Gurnah has rightly been praised for his masterful storytelling. His writing is reflective, blunt and – comic moments aside – has an unwaveringly sober tone. Despite some forays into the past to fill in gaps of family history, the tale moves in a linear fashion to describe Salim’s life from bookish child to contemplative adult. Narrated in the past tense, the writing feels a little old-fashioned: long paragraphs, insertions of old letters and minimal dialogue. One forgets that the novel is set in the last decade, so that later mentions of email seem out of place.

Gurnah hits upon an intriguing conflict: the post-colonial individual who becomes anglicised out of choice. It’s a poignant moment when Salim realises he is becoming naturalised. His awareness of the fact kicks in when he starts using superlatives to describe England: “Here they have plenty which is the best in the world – the best goalkeeper in the world, the best university in the world, the best hospital in the world ...” Gurnah conveys Salim’s shifting conception of his own nationality – an diminishing loyalty to the country of his birth – very well.

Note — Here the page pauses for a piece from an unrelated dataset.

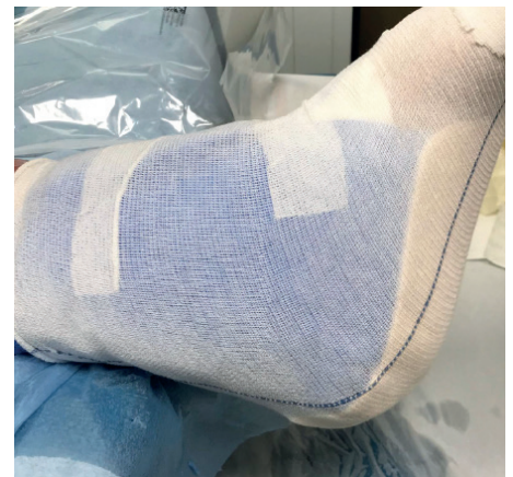
Fig 2. ConvaMax™ dressing in situ on 1st application

What works less well is how the family saga plays out. Eventually Salim learns why Masud abandoned their family, but by this point Salim’s personal life in London, namely his romantic episodes with women and some incidents of racism, has taken centre stage. The timing of the big “reveal” feels too late. But this is not to speak ill of the novel, which despite minor flaws is an emotive tale about betrayal, families and the East African diaspora.